This fall while goose hunting we were hunting a small depression on top of a field. we spotted a coyote on the edge of the field, we took the mouthpiece off of a duck call and howled at it. we got its attention but but it would not come closer. we sent the dog to the ridge of the hill, as soon as the coyote seen the lab he came runnin! He got to about 60 yards before he either seen and/or smelled us.

Have any of you guys done this before or anything like it?


----------



## ninjaswede (Sep 3, 2012)

I talked to a pro one time and he said he uses his two wiener dogs. He said they run and play while he calls and the yotes go nuts. He told me it works best at night with snow and a full moon. He also said have a shot gun ready because they burn in really fast and your dogs life may depend on it.


----------



## warge (Oct 16, 2012)

Here is a link to a article I found. It has alot of info on coyotes, some of it a bit too scientific for me but he also explains how it relates to us hunting and killing them. At one point he talks about using a misting container. Does anyone know what they are or have you used one before?

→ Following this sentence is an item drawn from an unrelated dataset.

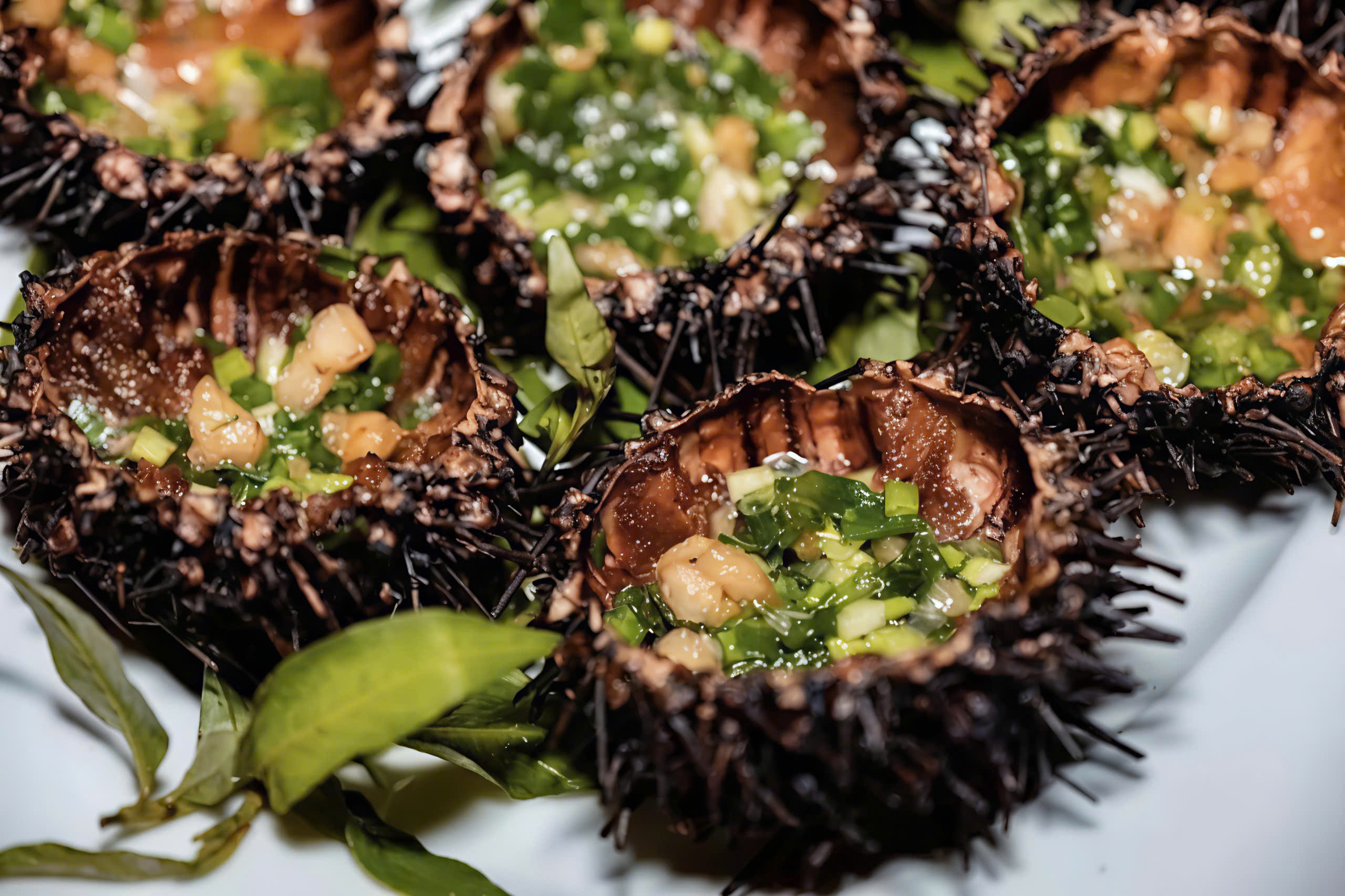 - Vị béo ngậy của nhum hòa quyện với mùi thơm của hành mỡ, ăn kèm muối tiêu chanh là “chuẩn bài”.

http://www.predatorswest.com/coyote101.py


----------



## warge (Oct 16, 2012)

How far between stands do you guys walk/ drive?? I have a few areas that a guy could make multiple stands on (depending on the wind) but I'm not sure how far to go between stands? Could a guy walk 1/4 or 1/2 mile between stands or does he need to go farther? I would imagine that wind speed/direction and volume of calls would make a bit of difference but what do you guys think?
Thanks


----------



## Sask hunter (Sep 11, 2008)

I like to go 3/4 to a mile between stands, but I also call as loud as I can.


----------



## DeadEyeDanO (Nov 20, 2012)

One little piece of advice is dont over call during a set. Pretend your a coyote, start out a set with a couple howls. After a couple minutes start a rabbit distress like u just found a rabbit. After a couple sets of rabbit distress sequences wait a while and if no yotes yet do a couple pup distress calls likr a pup came to get a bite and u just bit him. Or after the rabbit distress sequence if u have a buddy with u who can howl do a serenade and one of u throw some pup yelps in there during the serenade.

And moving from set to set the distence between depends on the country. If your in wide open flat country u should move a good mile or 2. If in the brush or forests every half mile to mile. If theres alot of good sign. Ive learned if theres no sign dont bother wasting your time no matter how good it looks.

In the end its all trial and error. Just keep making sets and itll happen. Good luck shoot straight :sniper: . Hopefully ive helped a little bit


----------